■ EXERCISE AIM ■
Line by line, copy the records below exactly and leave the pictures out.

■ RECORD EXTRACTS ■
>>>

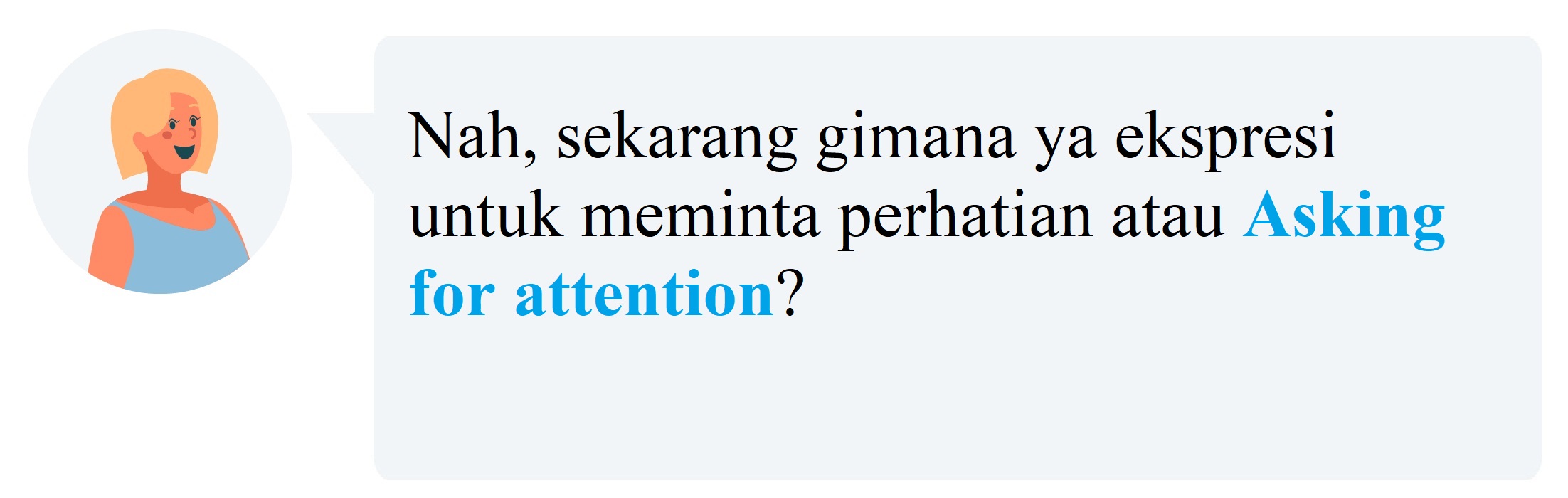 Ekspresi yang bisa digunakan untuk asking for attention contohnya seperti ini sobat!
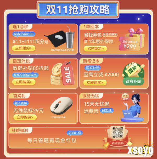 双十一华硕商城大波福利派发中,活动期间下单即享优惠福利,数码补贴补贴85折起,购机赠3年延保+3次远程服务。点击链接,了解更多福利详情!
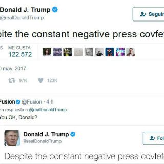 "Pese a la constante 'covfefe' negativa de la prensa", tuiteó a las 00:06 Trump, quien presumiblemente quiso escribir "coverage" (cobertura), en lugar de la palabra inexistente "covfefe".
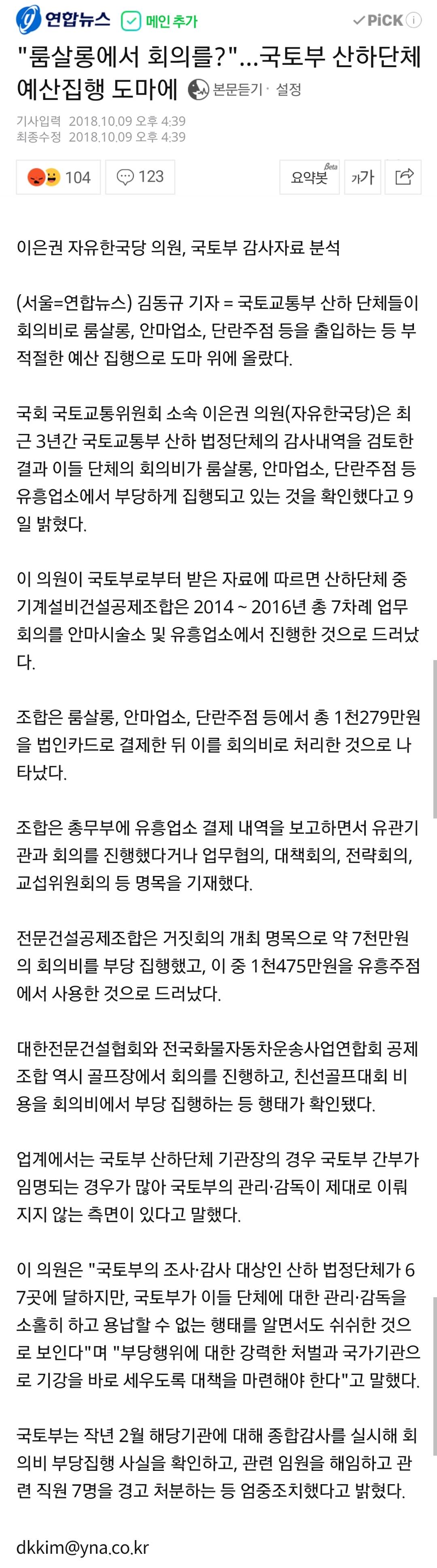 저런건 원래 여당도 많이 잡는데 국회가 행정부 견제하는게 국감인데 여당이라고 봐주는것도 웃기지. 그래주면 공뭔이야 고맙지만 건설중기계 어쩌고하는걸로 봐서 노가다꾼들이 어디 협회만들어서 노가다뛸때 버릇 못버리고 업소출입했구만 미친새끼들
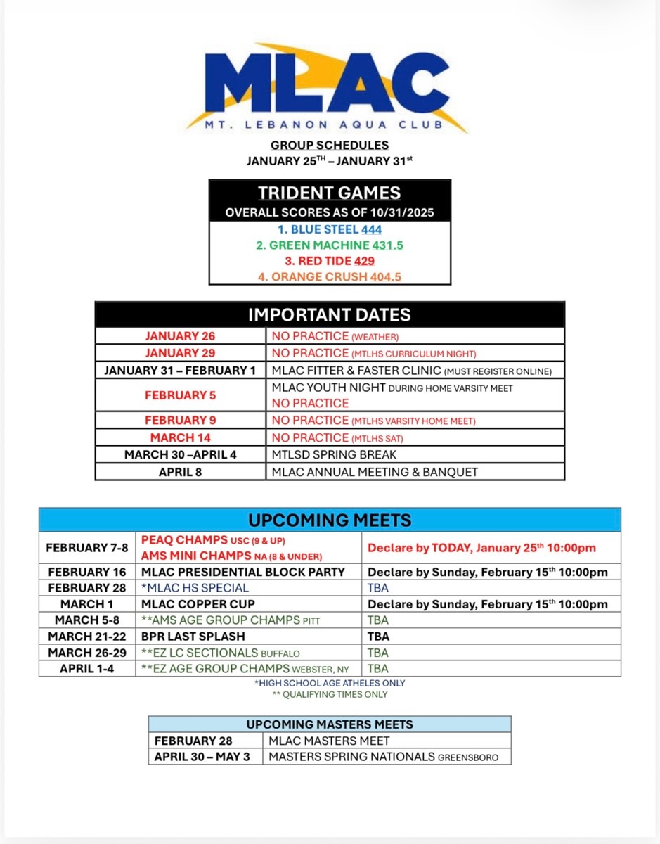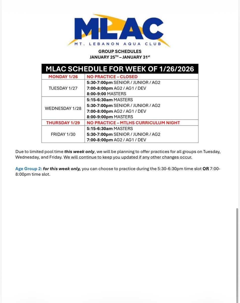 Practice Schedule - Week of 1/26/2026

<<<

■ ANSWER AREA ■
 Ekspresi yang bisa digunakan untuk asking for attention contohnya seperti ini sobat!
 双十一华硕商城大波福利派发中,活动期间下单即享优惠福利,数码补贴补贴85折起,购机赠3年延保+3次远程服务。点击链接,了解更多福利详情!
 "Pese a la constante 'covfefe' negativa de la prensa", tuiteó a las 00:06 Trump, quien presumiblemente quiso escribir "coverage" (cobertura), en lugar de la palabra inexistente "covfefe".
 저런건 원래 여당도 많이 잡는데 국회가 행정부 견제하는게 국감인데 여당이라고 봐주는것도 웃기지. 그래주면 공뭔이야 고맙지만 건설중기계 어쩌고하는걸로 봐서 노가다꾼들이 어디 협회만들어서 노가다뛸때 버릇 못버리고 업소출입했구만 미친새끼들
 Practice Schedule - Week of 1/26/2026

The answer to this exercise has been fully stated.